Actually, don't fall too far down that groundhog hole, because there's a chance the days are actually different. The "Wednesday"—we mean Wednesday—provincial C19 update has no patients recovering, while someone recovered Tuesday, bringing Nova Scotia to 11 active cases. So the days aren't identical at a molecular level. But despite their individual quirks, we are still under the state of emergency first announced last March, continuing to face gathering restrictions and hoping, hoping to drive the numbers down. Stuck, in other words, in a hellish loop.
See you "tomorrow."
Tuesday, February 2
OK campers, rise and shine, and don't forget to wear a mask 'cause it's pandemical out there today. That blizzard thing didn't stop Shubenacadie Sam from going for a walk this Groundhog Day, and provincial observers assure us she didn't see her shadow, so spring comes early this year.
OK campers, rise and shine, and don't forget to wash your hands 'cause it's pandemical out there today. There's one new COVID-19 case and one recovery in Nova Scotia, just like yesterday. The fresh infection is travel-related and the patient lives in Central health zone.
OK campers, rise and shine, and don't forget to limit social contacts 'cause it's pandemical out there today. There are 10 active C19 cases in the province, just like yesterday. Two of those patients are in the hospital—with one of them in ICU. Just like yesterday.
OK campers, rise and shine, and don't forget to maintain physical distance 'cause it's pandemical out there today. Doctor Strang and premier McNeil didn't have one of their standard Tuesday briefings, probably due to that blizzard thing, but they are having one tomorrow at 3pm. You can watch live at novascotia.ca/stayinformed/webcast and/or @nsgov on Facebook, or catch it later at the Nova Scotia government's YouTube page.

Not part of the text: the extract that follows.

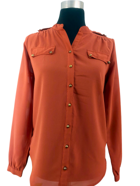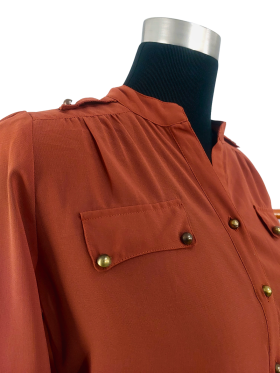 قميص - خط عنق شكل ـ V ـ، بدون ياقة، كتف عادي، أكمام طويلة عادية (Plain) - بني, S/M
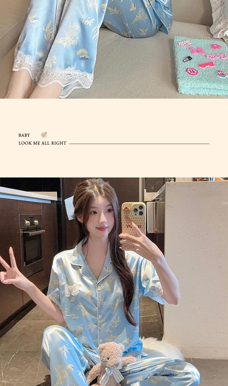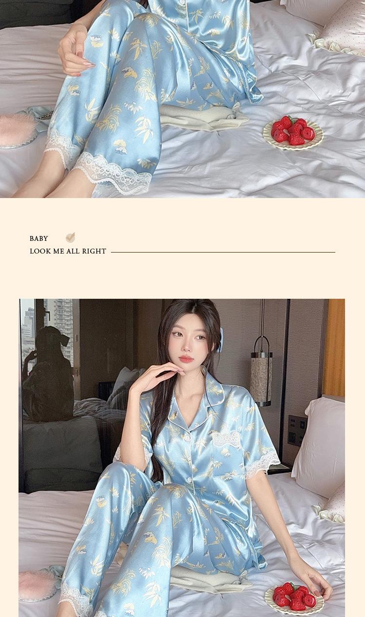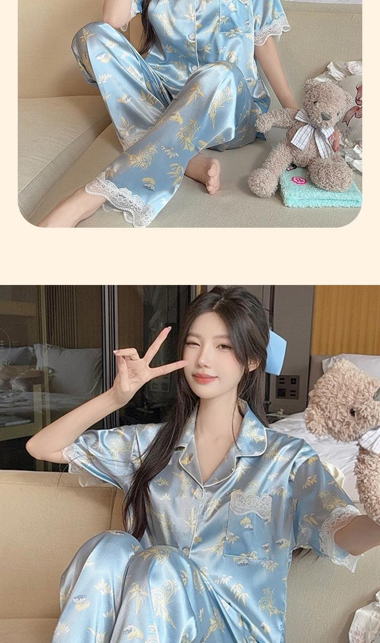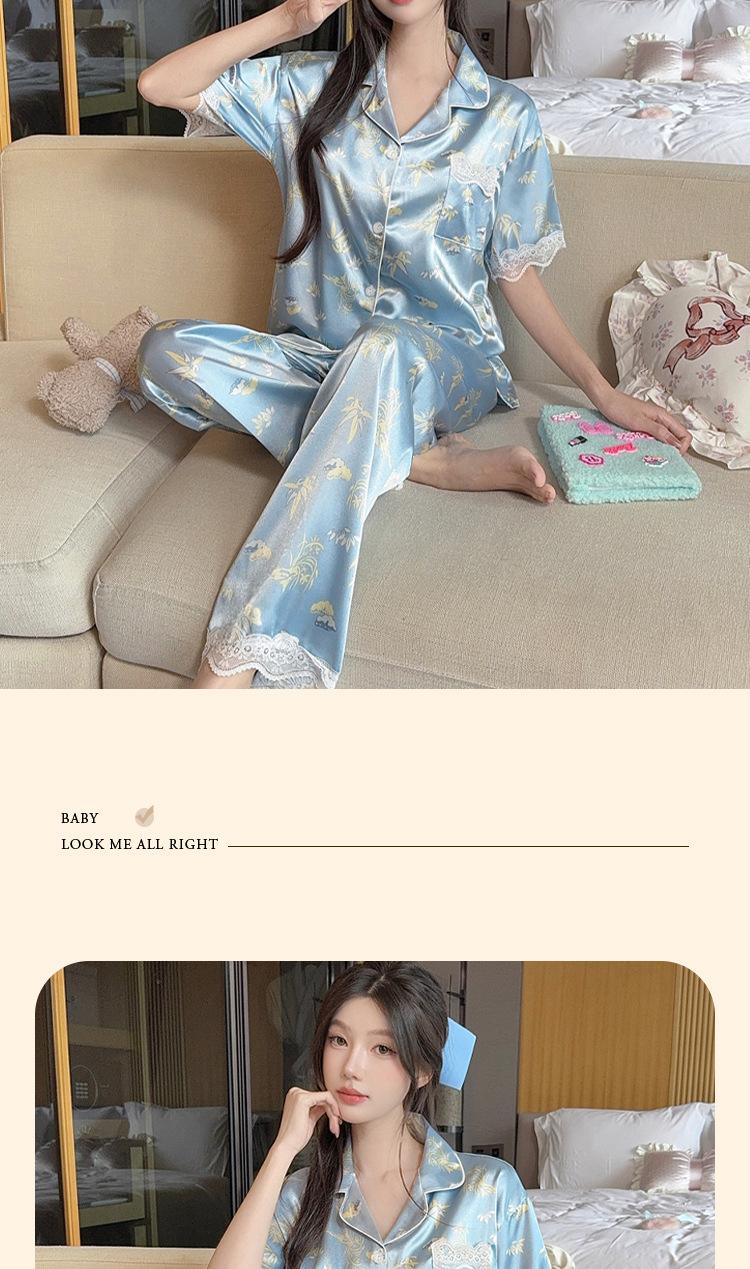 Pijama súper suave para mujer, verano nuevo, lujo antiguo, fresco, manga corta, seda de hielo, pequeño, fresco, traje de ropa para el hogar al por mayor

Like always.
OK campers, rise and shine, and don't forget to stay home if you're feeling sick 'cause it's pandemical out there today. The province's C19 update has yet another message from Strang extolling the virtues of personal anti-coronavirus measures, the sort of thing we've been hearing nearly every day for what feels like 10 years: "We can limit the spread of the virus by continuing to wear a mask, limit social contacts, maintain physical distance, wash our hands and stay home if feeling unwell."
Monday, February 1
"We are seeing very few, if any, new cases each day, which is encouraging news," says Nova Scotia's chief medical officer of health, Robert Strang, in the Monday COVID-19 update. He's right. It's encouraging to get a day like today to start the week and the month—one new case, in the Western health authority zone, a close contact of another case.
Strang's partner in being the official face of Nova Scotia's C19 response is also right when he says low numbers don't mean a low threat. "The virus is always looking for an opportunity to spread," says premier Stephen McNeil, "which means we must continue following all of the public health protocols to protect each other."
A patient has recovered to go with the new case, for a current total of 10 active cases in NS. And just like the last couple of days, the province's report says two of those 10 patients are sick enough to be in the hospital, one so sick they're in the ICU.